Where does the enzyme Lysozyme that catalyzes the destruction of the cell walls cleaves?
A - Lysozyme is a DD-transpeptidase that cleaves the cross-linked peptidoglycan chains.
B - Lysozyme is a glycoside hydrolase that catalyzes the hydrolysis of 1,4-beta-linkages between N-acetylmuramic acid (NAM) and N-acetyl-D-glucosamine (NAG) residues in peptidoglycan.
C - Lysozyme forms a peptide bond between two molecules when the carboxyl group of one molecule reacts with the amino group of the other molecule, releasing a molecule of water (H2O).
D- No idea whatsoever ???
The answer is B. Lysozyme is a glycoside hydrolase that catalyzes the hydrolysis of 1,4- beta -linkages between N-acetylmuramic acid (NAM) and N-acetyl D-glucosamine(NAG) residues in peptidoglycan.

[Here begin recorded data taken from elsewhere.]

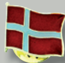
JEF 532. DK-pin forgyldt.
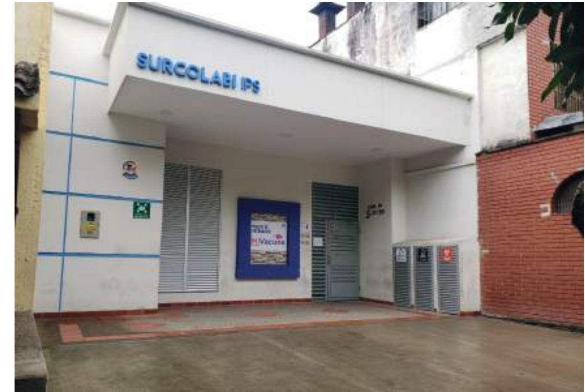
Punto de vacunación COVID en el barrio el Altico.

■ Ese es el balance que encontramos en Neiva al hacer un recorrido por los puntos de vacunación establecidos por las autoridades de salud en la capital del Huila. Nos estamos relajando más de la cuenta, Diario del Huila con la comunidad ante el panorama frente al covid-19
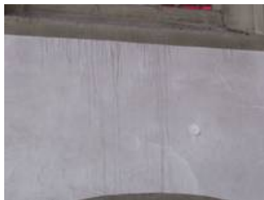
Ablaufspuren unter einem Kirchenfenster

Ein weiterer wichtiger und oft, gerade aus gestalterischen Gründen bewußt vernachlässigter Punkt ist, eine ausreichend hohe und in der Körnung richtige Kiesschüttung.
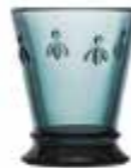
Gobelet Bleu nuit* 6121 48
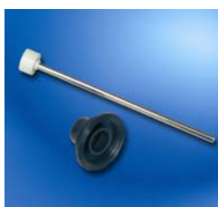
Silbato limitador de llenado
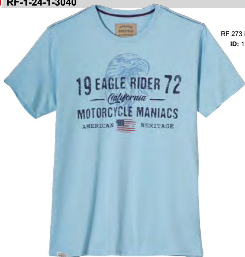
RF 273 ice blue ID: 19930
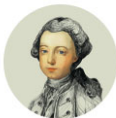
Leopold II. (1747–1792) ako panovník: (1790–1792)
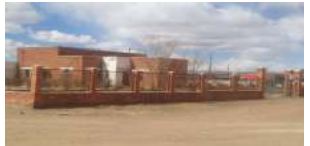
ОНХС-ийн хөрөнгөөр 17 гүний худгийн усны шаацны савыг сольсон.
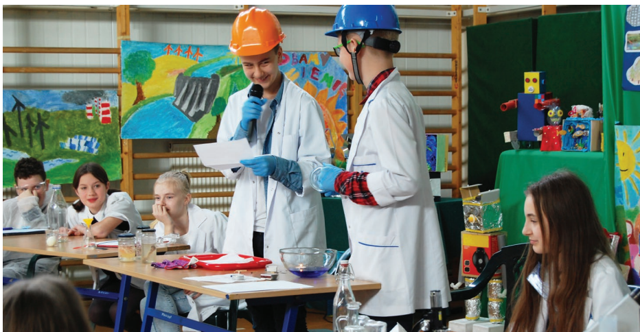
X Wiosenna Sesja Naukowa w SP w Sarnowie

Jedna z grup przekonywała, że przyroda zbudowana jest z drobin - atomów, które są w nieustannym ruchu, prezentując zjawisko dyfuzji w powietrzu i cieczy. Inna pokazała jak w butelce po wodzie mineralnej osiągnąć podciśnienie i jakie skutki może ono wywołać w naszym otoczeniu. Było badanie zawartości tlenu w powietrzu oraz symulacja „tornado” w butelce wraz z jednoczesnym opisem tragicznych skutków takich zjawisk w powietrzu. Był naoczny skutek oddziaływania kwaśnych opadów na organizmy
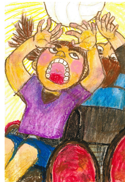
出典：公益財団法人 日本障がい者スポーツ協会 日本パラリンピック委員会「すごいぞ！パラリンピック」 絵画・作文コンクール https://www.asagaku.com/paralympic/index.html

https://www.jsad.or.jp/paralympic/sports/index_summer.html
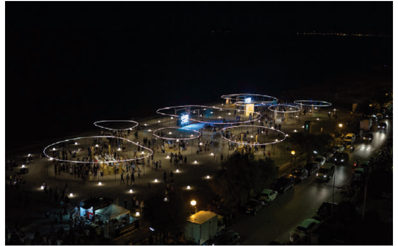
Figg. 11, 12 | Demanio Marittimo – Km-278 in Senigallia designed by C. Colli and P. Ciorra, from 2010.

private content. A habitat in which, in the habit of a mostly sandy surface, cabins as surrogates of dwellings, and beach umbrellas, deckchairs and sunbeds materialize as archetypes of a domesticity in continuous mutation. An exemplary collection of the changing of social habits, of personal and collective needs, of technological innovation (Cristallo, 2020). Both researches – in their evident integration on the level of the ‘research questions’ that have presided over their start and accompanied their development, and which are described here only in their main features – give the possibility of outlining for the beach environment a selective planning that can be traced back to the themes of regeneration, which attributes to Medonia the meaning of direction and to Spiaggiaverde the rhetorical place from which to draw the set of specific case studies.
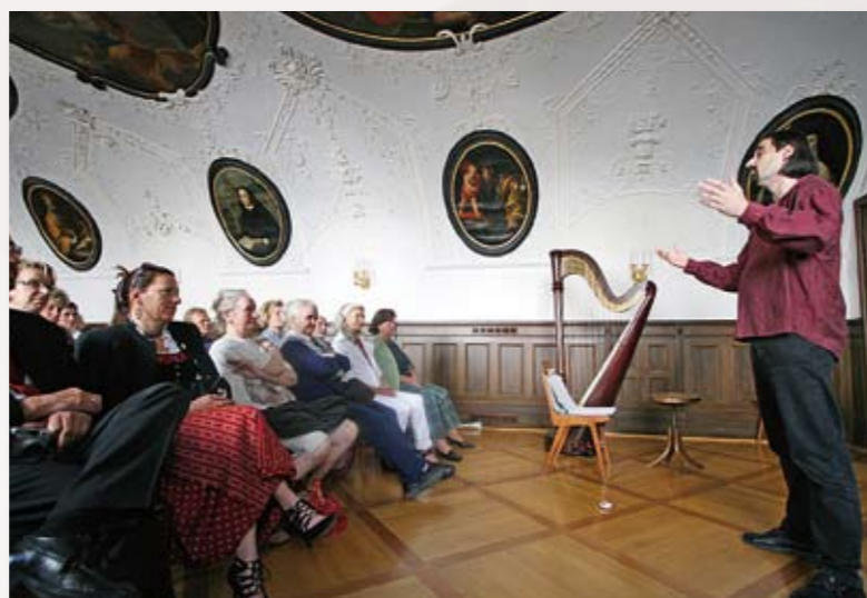
KAI bei den Englischen Fräulein
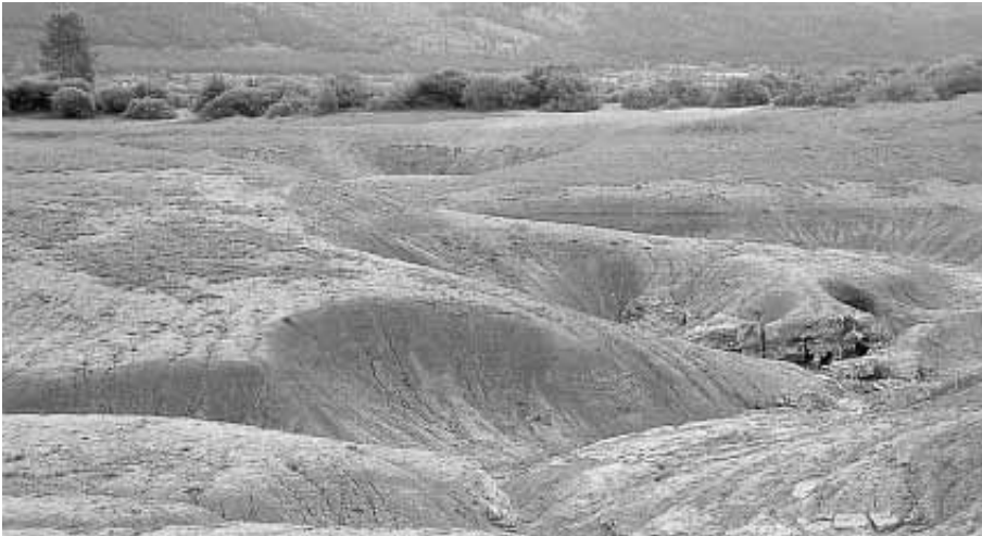
Požiralniki na Cerkniskem jezeru

je nenehno prihajal v stik z odbori in komisijami, vodstvom parlamenta in njegovimi tehničnimi službami. Velika večina teh je naklonjeno obravnavala delo GLOBE Slovenija, ne pa vsi. Zato ima parlament pomembno nalogo, da uredi status poslanskih organizacij, kakršna je GLOBE, in omogoči njihovo optimalno delovanje. V nasprotnem primeru so takšne organizacije odvisne od posameznih ljudi, njihovih interesov ali celo interesov gospodarskih družb oziroma lobijev, to pa je v nasprotju s smislom in ciljem njihovega delovanja. Samo velika naklonjenost vodstva parlamenta je omogočila njegovo relativno uspešnost, zato se vodstvu v imenu GLOBE še posebej zahvaljujem.
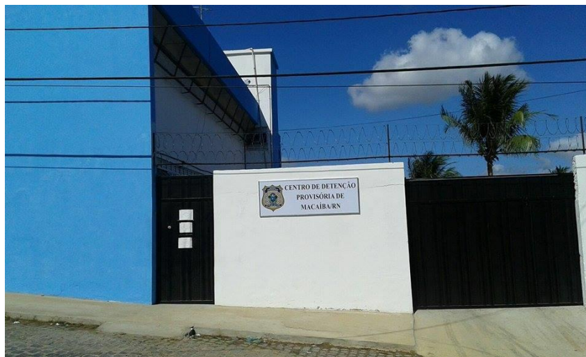
Figura 1 – Fachada CDP Macaíba
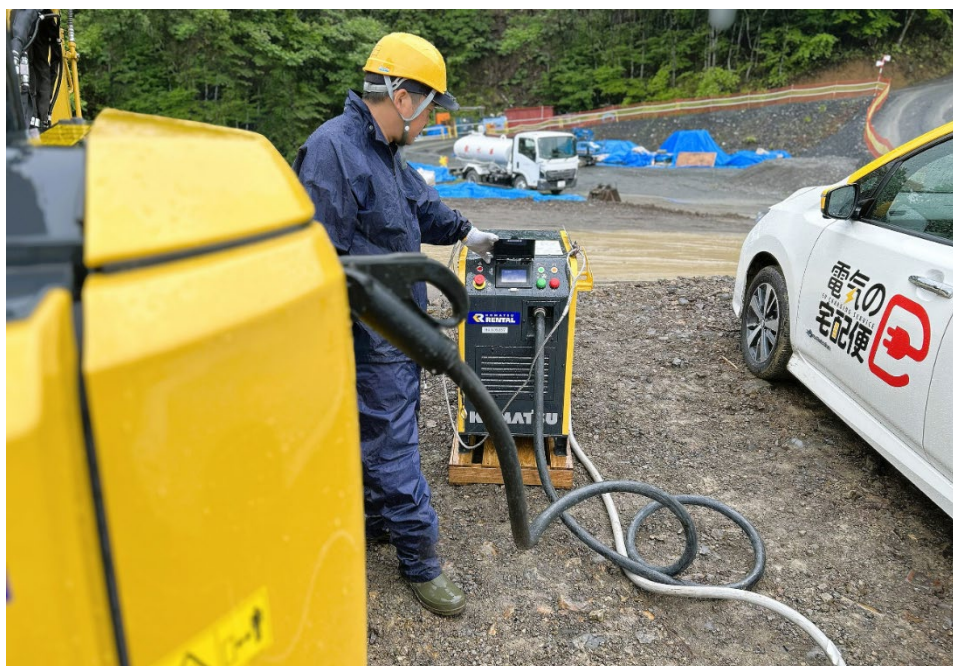
【MESTA Gen（右）と充電器（中央）を用いて電動ミニショベル PC30E-6（左）に充電をしている様子】

*1 : - GX 建機の現場運用拡大に向けたゼロエミッション給電ソリューションの推進 - ベルエナジーとコマツ、移動式給電車「MESTA Gen」により バッテリー式電動油圧ショベル 6 機種への給電を実証 | ニュースルーム | コマツ 企業サイト
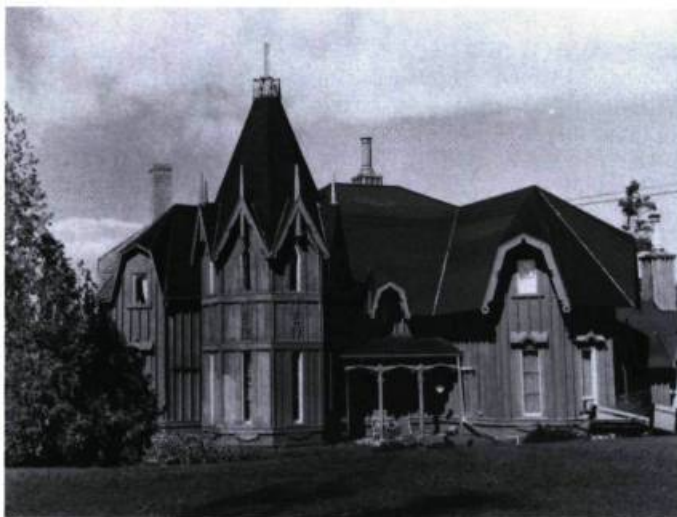
Pine Cottage à Cacouna (1867) mieux connu sous le nom du «Château vert».

Kamouraska, Notre-Dame-du-Portage, Saint-Patrice, Rivière-du-Loup, Cacouna, voilà autant de noms qui évoquent l'âge d'or de la villégiature au Québec. Kamouraska aurait été, à l'instigation du seigneur Taché, le premier grand lieu de villégiature au Québec. Les grands hôtels qui ont fait la réputation du Bas-du-Fleuve au tournant du siècle, comme le St. Lawrence Hall de Cacouna, n'existent plus. Subsistent quelques pensions et des petits hôtels ainsi que des villas et chalets d'été le long du Saint-Laurent. On trouve de belles concentrations de villas à Saint-Patrice, dont celle de John A. MacDonald, ainsi
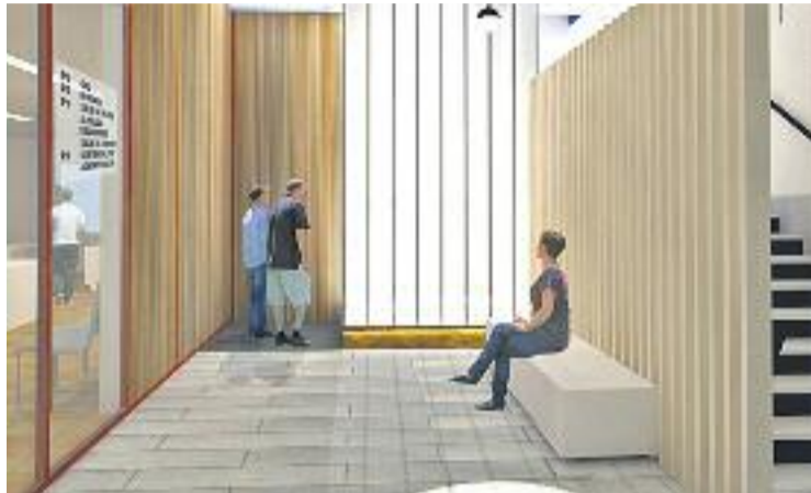
Recreació de l'aspecte que tindrà el nou Ajuntament.

L'element a destacar de la reforma de l'Ajuntament és la in-
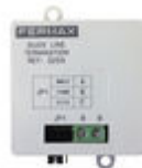
F03255 FIN LIGNE DUOX PLUS

Description: Bacterial cell walls contain a layer of peptidoglycan in which the specific site that lysozyme targets. This peptidoglycan layer contains alternating molecules of NAM and NAG linked by beta-(1,4) bonds. As a glycoside hydrolase, lysozyme targets this linkage resulting in bacterial death.
Option A is not supporting as this lysozyme is not a transpeptidase enzyme. Transpeptidase catalyzes the cross-linkage of peptidoglycan in bacterial cell walls.
Option C is not supporting, It does not form a peptide bond. As it is a hydrolase, it carry out hydrolysis which transfers the functional groups to water and does not release the water molecule.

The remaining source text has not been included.